**Assignment**
Could you copy exactly the lines below, beginning at the line with "一年生は富士山五合目あたりの" and stopping after the line with "1000 Pesetas. 1907.", with no pictures?

==== Available data ====

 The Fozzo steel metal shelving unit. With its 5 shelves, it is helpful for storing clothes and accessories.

====
==== Available data ====

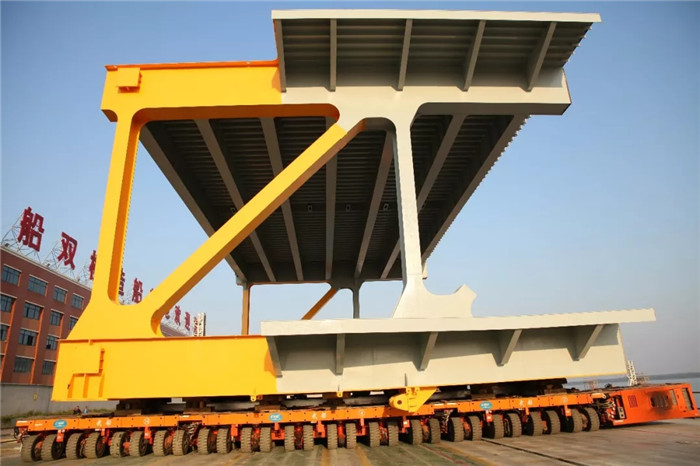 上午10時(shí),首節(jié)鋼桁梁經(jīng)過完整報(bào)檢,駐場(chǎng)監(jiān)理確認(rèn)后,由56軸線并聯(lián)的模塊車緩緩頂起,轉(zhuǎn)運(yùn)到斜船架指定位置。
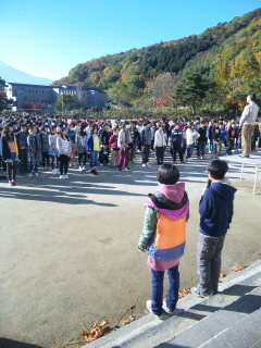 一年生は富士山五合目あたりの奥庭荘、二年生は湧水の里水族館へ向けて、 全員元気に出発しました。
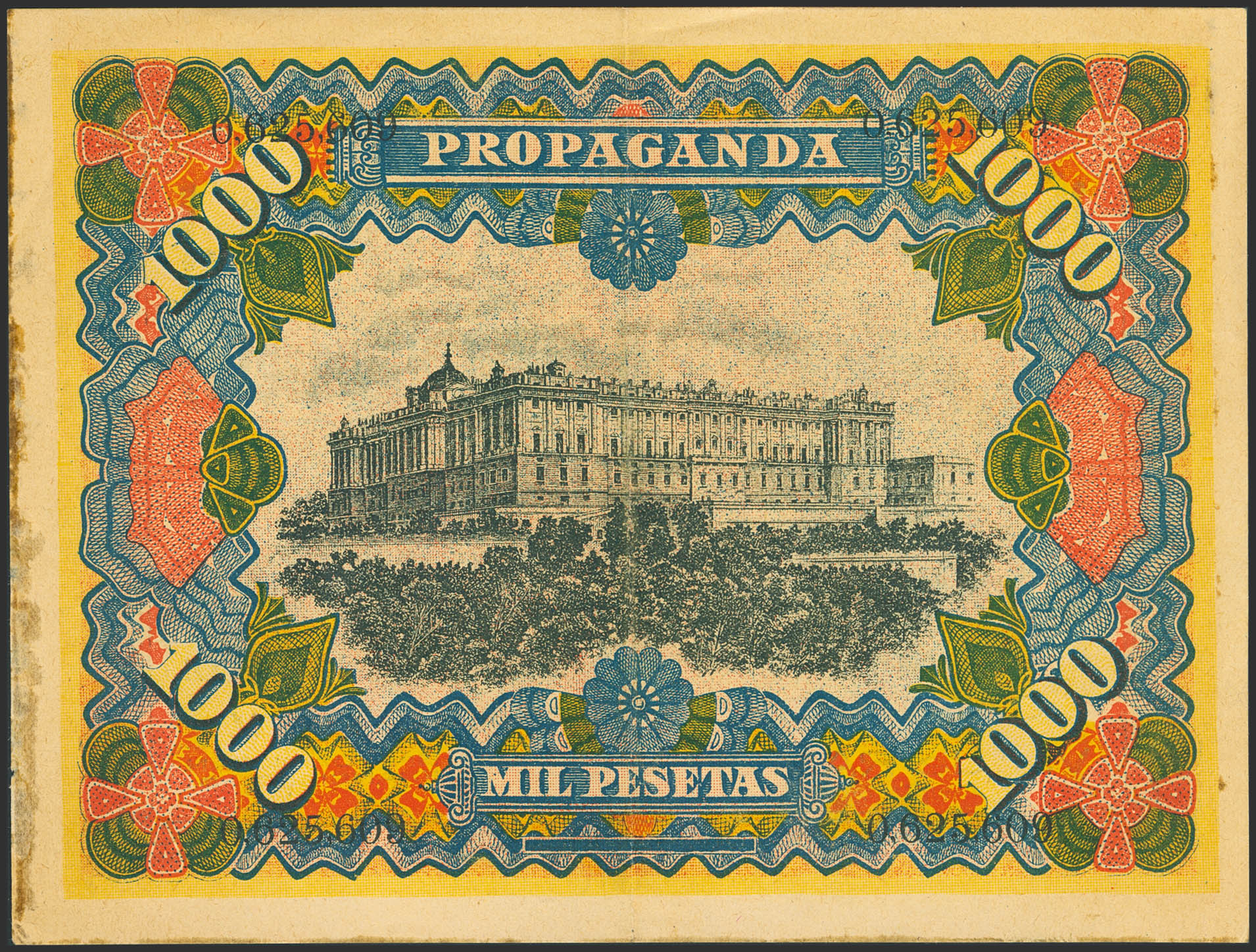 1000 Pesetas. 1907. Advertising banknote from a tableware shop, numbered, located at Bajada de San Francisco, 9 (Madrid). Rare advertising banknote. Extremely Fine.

====
==== Available data ====

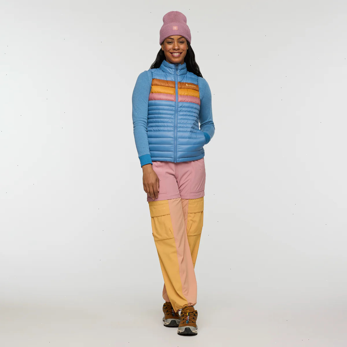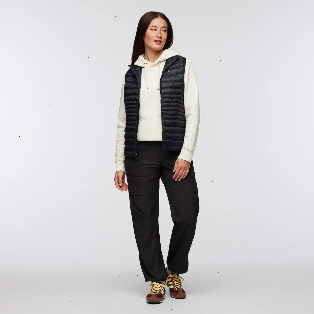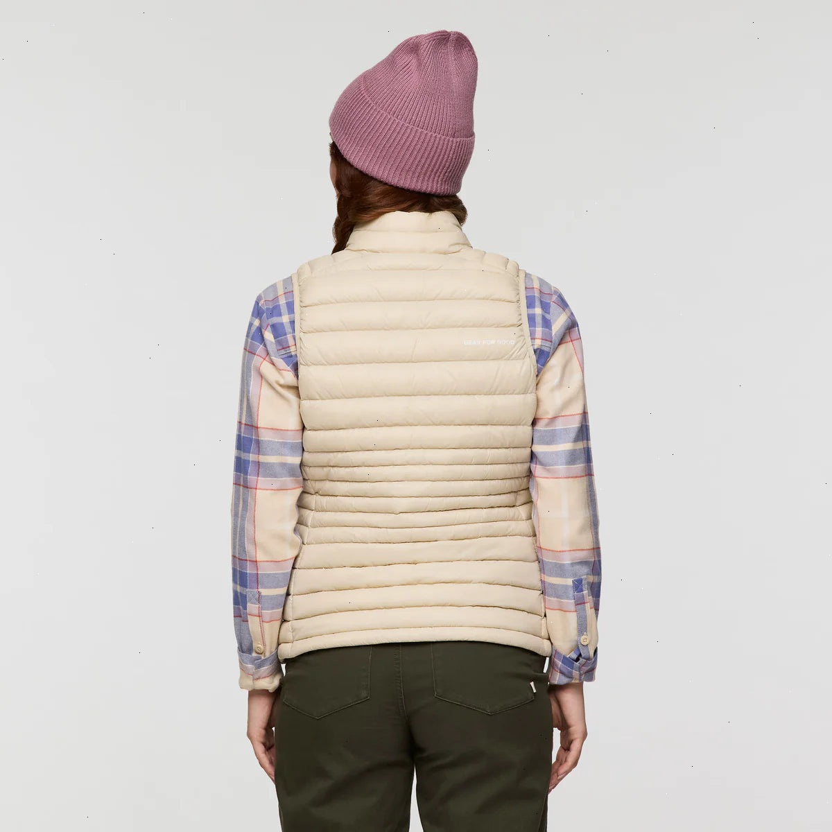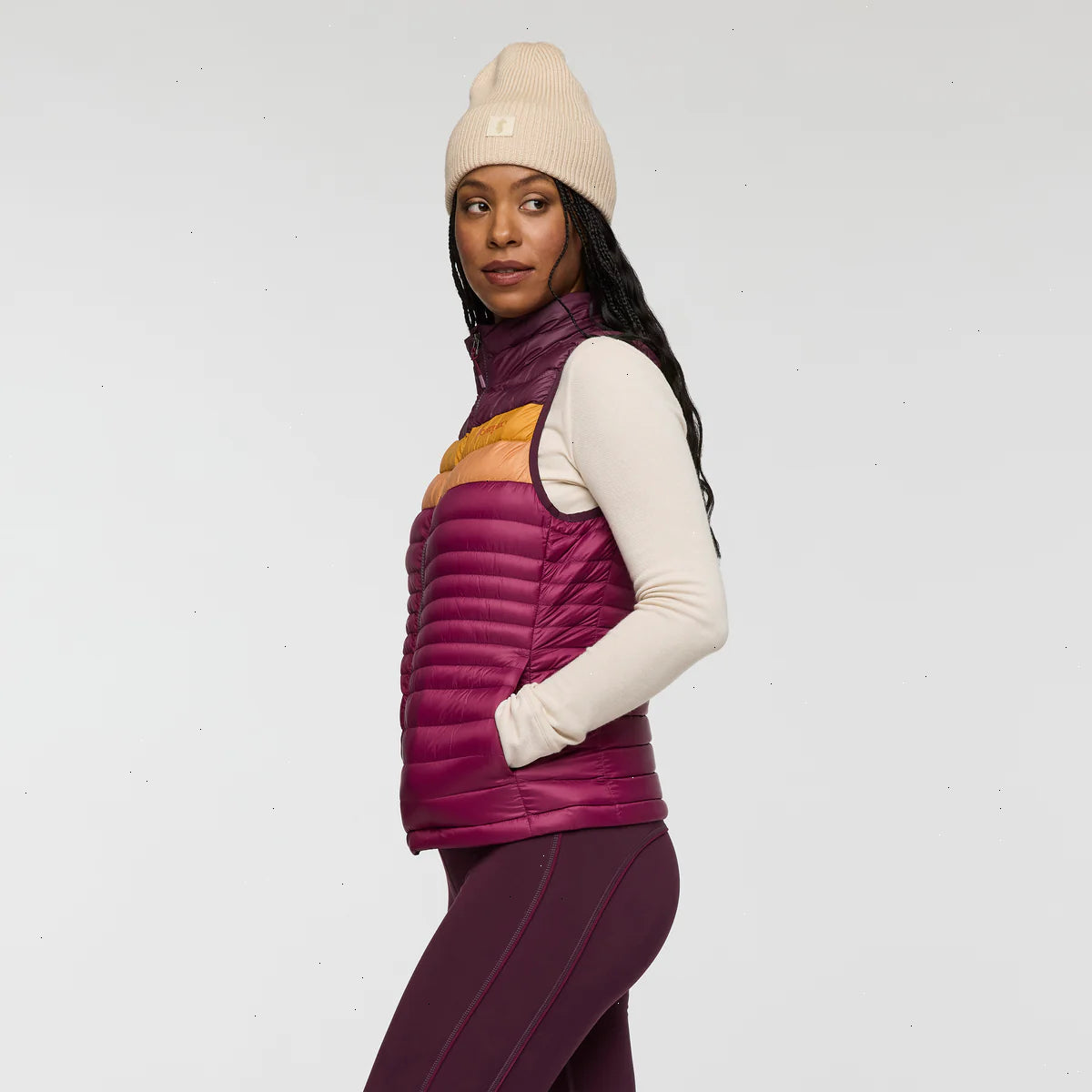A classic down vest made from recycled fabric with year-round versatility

====

**Final answer**
 一年生は富士山五合目あたりの奥庭荘、二年生は湧水の里水族館へ向けて、 全員元気に出発しました。
 1000 Pesetas. 1907. Advertising banknote from a tableware shop, numbered, located at Bajada de San Francisco, 9 (Madrid). Rare advertising banknote. Extremely Fine.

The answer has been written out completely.